As of the 2011 census of India, Porbandar (City and urban outgrowth) had a population of 152,760. Males constituted 51.4% of the population and females 48.6%. Porbandar has an average literacy rate of 86.46%, higher than the national average of 74.04%: male literacy is 91.69%, and female literacy is 80.92%. In Porbandar, 9.11% of the population is under 6 years of age.

According to the 2011 census, the population of Porbander contracted 3.85% in 2011. i.e. the growth rate was negative. The sex ration of the city was 943 in 2011.

== Government and politics ==
Porbandar city is governed by Porbandar-Chhaya Municipal Corporation. The Municipal Corporation is responsible for supply of water to the city using Narmada as the main source of water supply. The Municipal Corporation supplies around 14 MLD everyday to the city.
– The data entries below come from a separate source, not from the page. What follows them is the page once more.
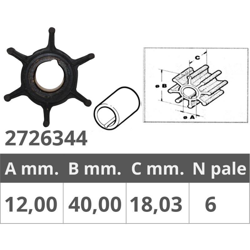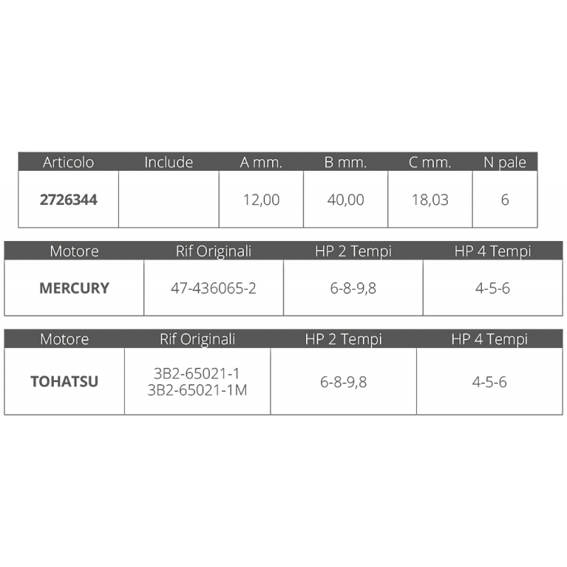 Réf. 3B2-65021-1 pour moteurs 2T 8-6-8-9.8 CV, pour tous les moteurs 4T dim. Ø intérieur 12.12 mm Ø extérieur 40 mm épaisseur 18.03 mm, n° 6 lames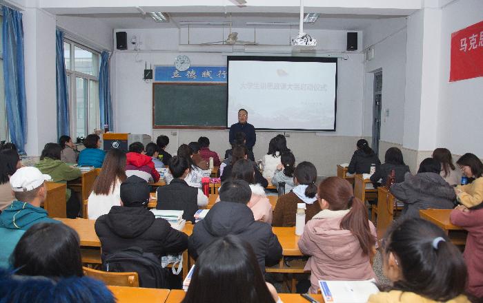 11月27日下午,马克思主义学院举办了“砥砺前行七十载 奋斗成就中国梦”大学生讲思政课评比活动,要求除大四实习以外,人人参与,因为人数多,活动分四大组在四个教室同时进行。学院领导班子、教学委员会成员、学院教师代表、思想政治教育专业19级、18级、17级学生参加了此次活动。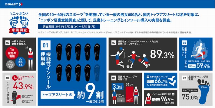 (※1)2022年3月発表「ニッポン足裏意識調査」 (特設サイトURL:https://www.zamst-ashiura.jp/)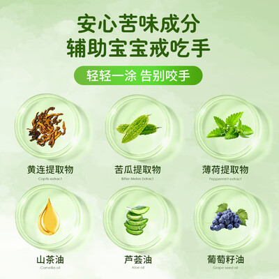 修正日常护理买给小孩戒吃手指,味道很苦,但就是戒不掉产品包装精致美观大气,目前用着非常不错,真实评价,希望可以帮到集美们自己试了一下,很苦。给孩子涂了一次,没有反应,还是吸手指。还没用过,不知道效果怎么样。但是娃以前用的时候感觉效果一般。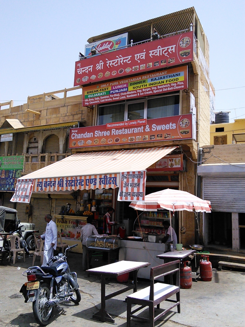 ハヌマーンチョウクからアマルサガール門へ向かう途中にあるインド料理レストランです。格式張らない庶民的な店です。いろいろなメニューがありますがターリー(90Rs)を食べました。ライス、チャパティー、パパド、カレーというか全てがおかわり自由、食べ放題です。米のクオリティーもまずまずでおいしかったです。おなかいっぱい食べられます。

As per records available from 2008, the city had a coverage of 39% in terms of water supply connections though the coverage of distribution system was reported as 80%. As per another assessment in the year 2016, Porbandar ranked the lowest in terms the volume of water supplied per capita at 59 lpcd (liters per capita per day) as compared to Gandhinagar which ranked the highest at 245 lpcd. Municipal Corporation is also responsible for waste management in the city and generates about 66 tonnes per day of waste.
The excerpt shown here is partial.